- What you are asked to do -
For this listing, reproduce the line with "with those heads.", the line with "14. Серый тюль с ламбрекеном на кухню", and the lines between, exactly as they stand. Leave out pictures and all other lines.

- Recorded information -
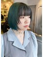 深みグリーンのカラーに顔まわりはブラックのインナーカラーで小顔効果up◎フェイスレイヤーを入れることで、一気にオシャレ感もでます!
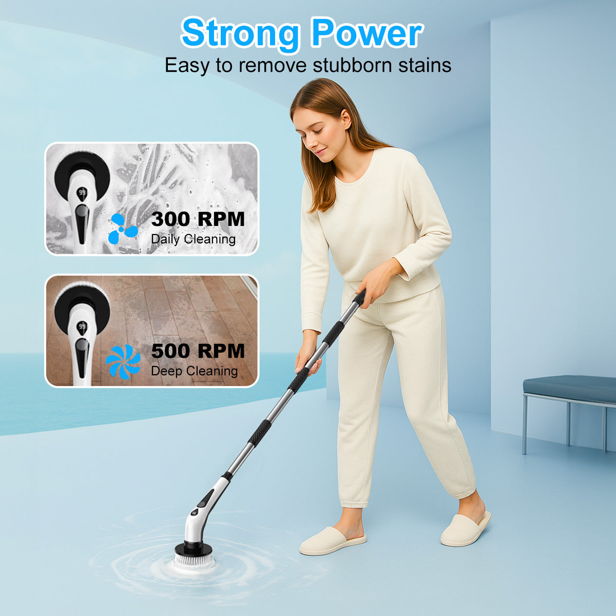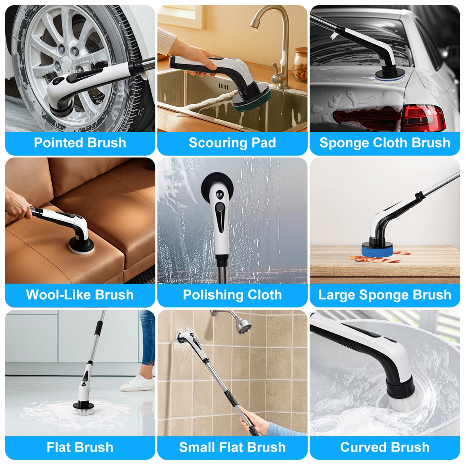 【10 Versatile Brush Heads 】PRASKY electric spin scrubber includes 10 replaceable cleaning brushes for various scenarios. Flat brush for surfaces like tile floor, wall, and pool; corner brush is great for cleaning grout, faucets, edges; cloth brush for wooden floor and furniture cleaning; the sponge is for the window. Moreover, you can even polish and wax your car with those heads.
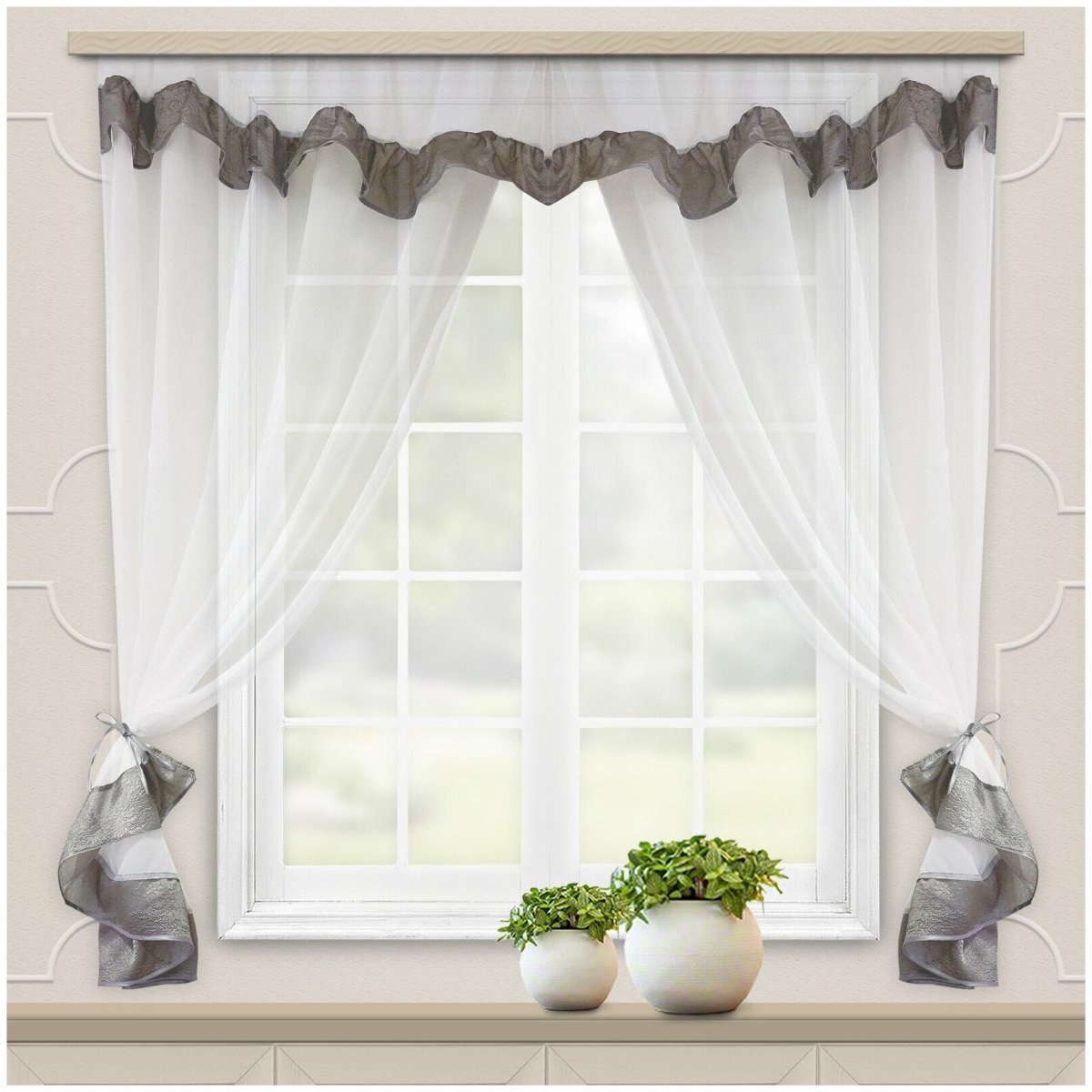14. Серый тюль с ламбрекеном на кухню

--

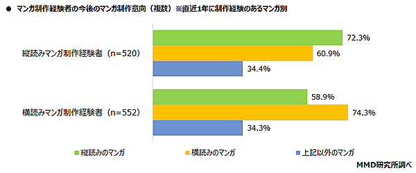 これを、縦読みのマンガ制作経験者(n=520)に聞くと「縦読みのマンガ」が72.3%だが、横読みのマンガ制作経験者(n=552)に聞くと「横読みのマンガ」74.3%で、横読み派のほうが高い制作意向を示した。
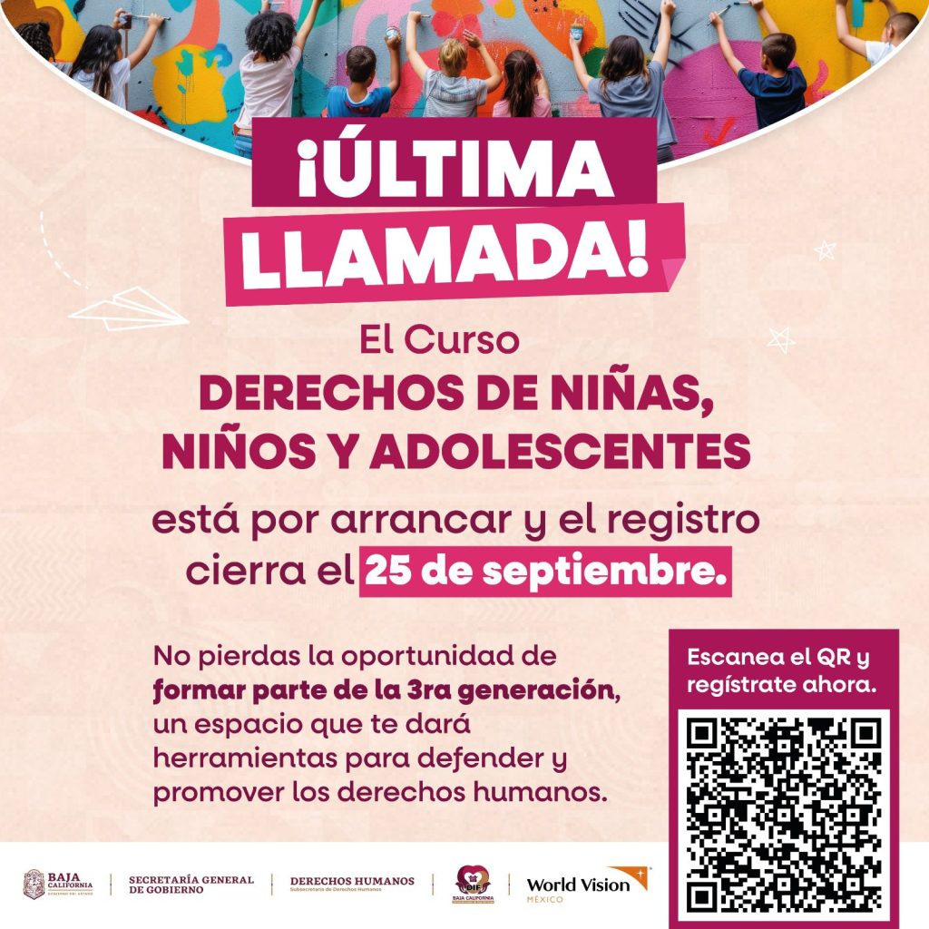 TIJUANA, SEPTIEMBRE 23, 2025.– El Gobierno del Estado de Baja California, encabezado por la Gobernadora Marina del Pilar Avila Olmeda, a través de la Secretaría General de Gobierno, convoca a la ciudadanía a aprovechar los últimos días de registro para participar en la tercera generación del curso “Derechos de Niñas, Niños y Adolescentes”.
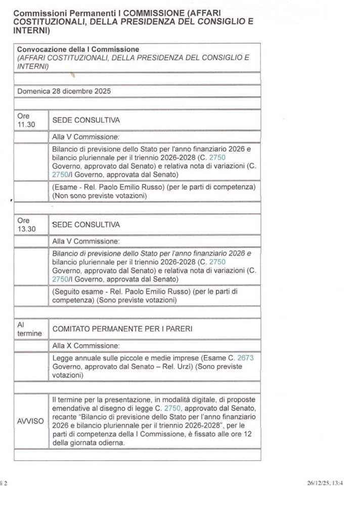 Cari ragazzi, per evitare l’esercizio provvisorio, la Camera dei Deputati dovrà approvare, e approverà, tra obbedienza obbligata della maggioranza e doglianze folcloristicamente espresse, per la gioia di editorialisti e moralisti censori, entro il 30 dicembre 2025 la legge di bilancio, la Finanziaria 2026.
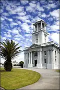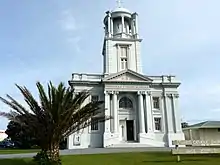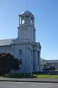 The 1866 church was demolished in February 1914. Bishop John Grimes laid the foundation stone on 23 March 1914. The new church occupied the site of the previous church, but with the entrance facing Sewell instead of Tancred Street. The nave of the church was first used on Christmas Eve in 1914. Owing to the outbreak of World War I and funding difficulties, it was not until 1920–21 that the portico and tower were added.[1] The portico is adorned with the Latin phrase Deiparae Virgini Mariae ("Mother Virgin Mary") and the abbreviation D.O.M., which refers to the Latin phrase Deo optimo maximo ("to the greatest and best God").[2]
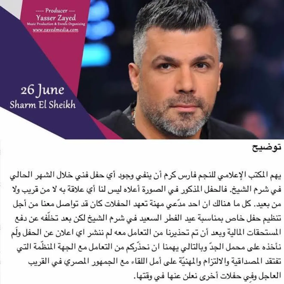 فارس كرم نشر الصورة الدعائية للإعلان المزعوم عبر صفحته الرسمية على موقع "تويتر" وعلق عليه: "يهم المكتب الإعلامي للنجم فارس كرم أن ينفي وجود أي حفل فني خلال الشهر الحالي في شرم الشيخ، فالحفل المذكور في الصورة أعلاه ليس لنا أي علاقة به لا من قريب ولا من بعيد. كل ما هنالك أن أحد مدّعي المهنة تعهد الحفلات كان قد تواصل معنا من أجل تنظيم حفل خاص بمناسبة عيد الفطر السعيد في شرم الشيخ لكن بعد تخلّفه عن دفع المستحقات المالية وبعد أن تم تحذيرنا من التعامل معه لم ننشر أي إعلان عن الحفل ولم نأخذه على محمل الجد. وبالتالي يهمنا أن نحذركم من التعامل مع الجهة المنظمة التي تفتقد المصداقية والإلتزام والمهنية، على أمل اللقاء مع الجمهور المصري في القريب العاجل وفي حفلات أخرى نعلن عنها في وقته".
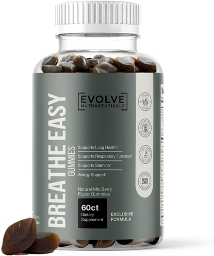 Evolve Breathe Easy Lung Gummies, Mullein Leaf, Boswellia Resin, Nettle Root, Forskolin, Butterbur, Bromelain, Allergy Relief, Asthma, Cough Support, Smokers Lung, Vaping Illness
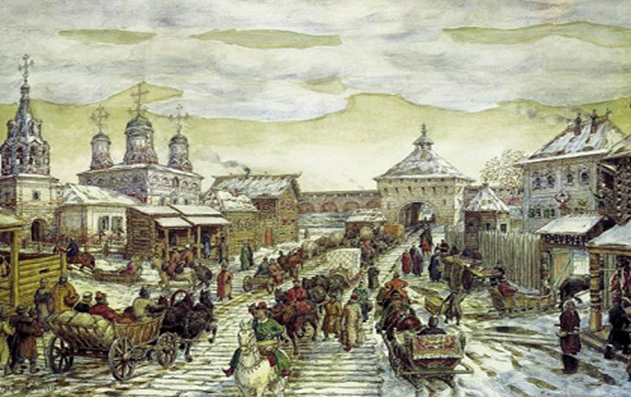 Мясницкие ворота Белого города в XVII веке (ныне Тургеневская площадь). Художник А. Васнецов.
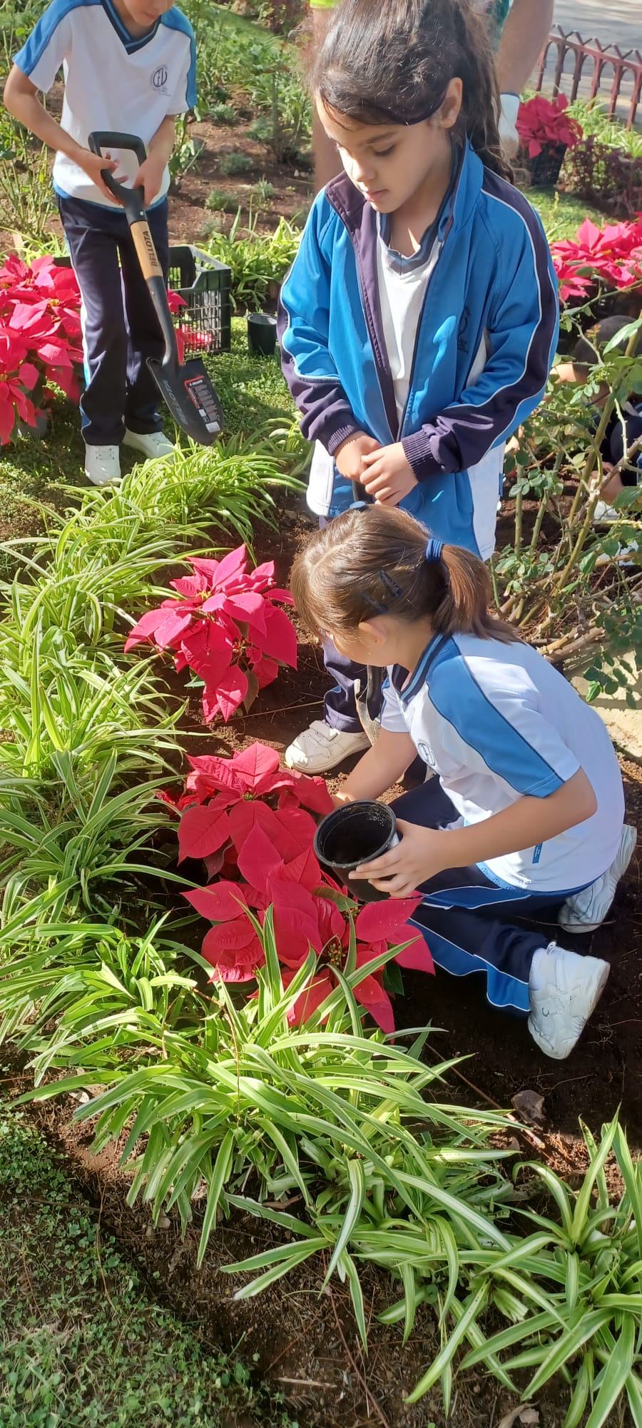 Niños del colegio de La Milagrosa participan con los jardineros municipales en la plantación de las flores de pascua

--

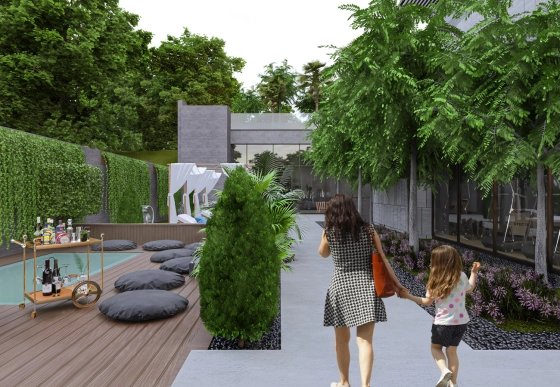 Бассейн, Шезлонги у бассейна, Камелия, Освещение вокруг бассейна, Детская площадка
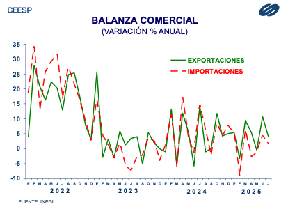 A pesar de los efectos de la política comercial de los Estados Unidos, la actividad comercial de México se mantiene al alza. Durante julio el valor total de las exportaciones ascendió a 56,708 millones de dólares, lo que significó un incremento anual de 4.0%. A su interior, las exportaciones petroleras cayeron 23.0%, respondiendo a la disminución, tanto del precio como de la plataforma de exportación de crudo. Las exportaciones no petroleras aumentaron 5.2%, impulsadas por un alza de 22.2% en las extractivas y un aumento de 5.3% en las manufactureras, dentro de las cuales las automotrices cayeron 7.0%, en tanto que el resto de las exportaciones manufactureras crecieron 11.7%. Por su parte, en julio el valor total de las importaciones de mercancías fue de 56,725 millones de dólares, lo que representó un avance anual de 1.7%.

- Answer to this exercise -
 【10 Versatile Brush Heads 】PRASKY electric spin scrubber includes 10 replaceable cleaning brushes for various scenarios. Flat brush for surfaces like tile floor, wall, and pool; corner brush is great for cleaning grout, faucets, edges; cloth brush for wooden floor and furniture cleaning; the sponge is for the window. Moreover, you can even polish and wax your car with those heads.
14. Серый тюль с ламбрекеном на кухню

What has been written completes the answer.